Web抓取:介绍、应用和最佳实践

Encora | July 29, 2019

Web scraping typically extracts large amounts of data from websites for a variety of uses such as price monitoring, enriching machine learning models, financial data aggregation, monitoring consumer sentiment, news tracking, etc. Browsers show data from a website. However, manually copy data from multiple sources for retrieval in a central place can be very tedious and time-consuming. 网络抓取工具基本上自动化了这个手动过程. 
这篇文章旨在帮助你快速了解网页抓取的基础知识. We’ll cover basic processes, best practices, dos and don’ts, and identify use cases where web scraping may be illegal and have adverse effects. 

Basics of Web Scraping

“Web scraping,” also called crawling or spidering, is the automated gathering of data from an online source usually from a website.
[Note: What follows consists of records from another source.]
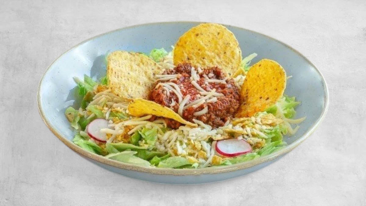 Fräsch sallad med krossade majschips. Serveras med ost, majs, hot-sås, blandsallad och valfritt protein.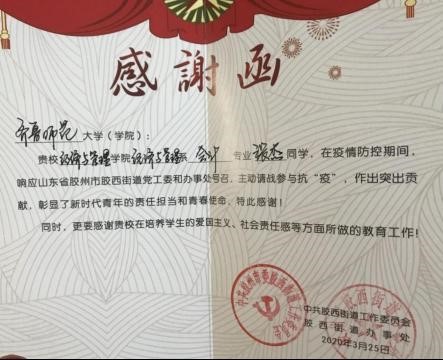 2020年6月,我院收到了来自山东省胶州市胶西街道办事处的一封感谢函。信中表扬了2018级会计专业的张杰同学,在疫情防控期间,响应胶西街道党工委和办事处号召,主动请战参与抗“疫”,做出突出贡献。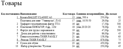 информацию о данных товарах, содержит информацию: код поставщика, наименование,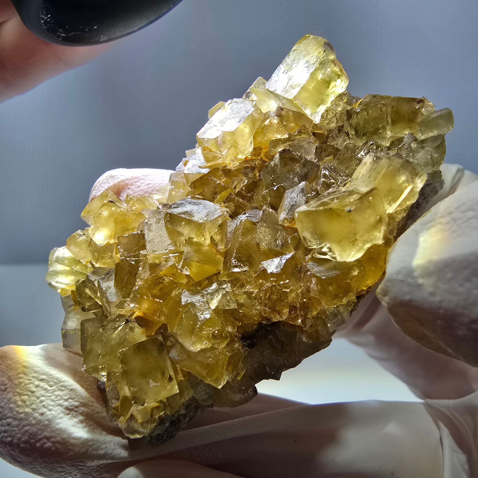 Entdecken Sie diese seltene, gelb transparente Fluorit Würfel Stufe mit wunderschön ausgeprägten kubischen Kristallen. Die faszinierenden Phantome im Inneren des Kristalls verleihen jedem Stück eine außergewöhnliche, mysteriöse Ausstrahlung. Die Maße betragen 53 x 33 x 18 mm und das Gewicht liegt bei 43 g. Dieser besondere Fund stammt aus Okorusu, Namibia, einer berühmten Fundstätte für hochwertige Mineralien und Kristalle.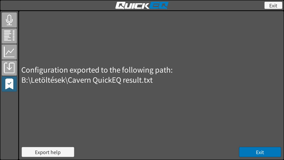 After an export is complete, the following screen appears, with the Export help button that opens the export documentation, and an Exit button that returns to the main menu of the Cavern Driver: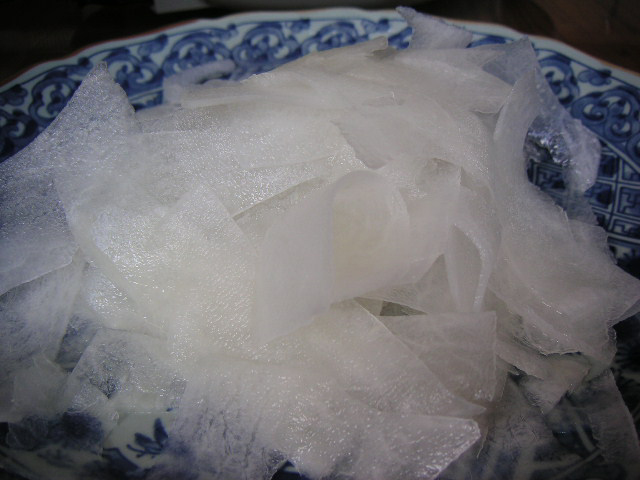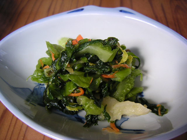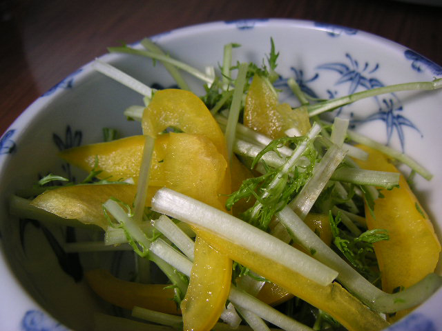 ![]() ![]() ![]() | 須田さんのお宅でお昼を頂きました。左から、さっき掘り出したシャブシャブ用(!)大根、最近人気の「水菜」のサラダ、おみ漬け。 |

While scraping is a great way to get massive amounts of data in relatively short timeframes, 它确实给承载源的服务器增加了压力. 
这就是为什么许多网站不允许或禁止抓取所有数据的主要原因. However, 只要它不破坏在线资源的主要功能, it is fairly acceptable. 
尽管存在法律挑战,但即使在2019年,网络抓取仍然很受欢迎. 分析的重要性和需求已经成倍增长. This, in turn, means various learning models and analytics engine need more raw data. 网络抓取仍然是一种流行的信息收集方式. With the rise of programming languages such a Python, web scraping has made significant leaps.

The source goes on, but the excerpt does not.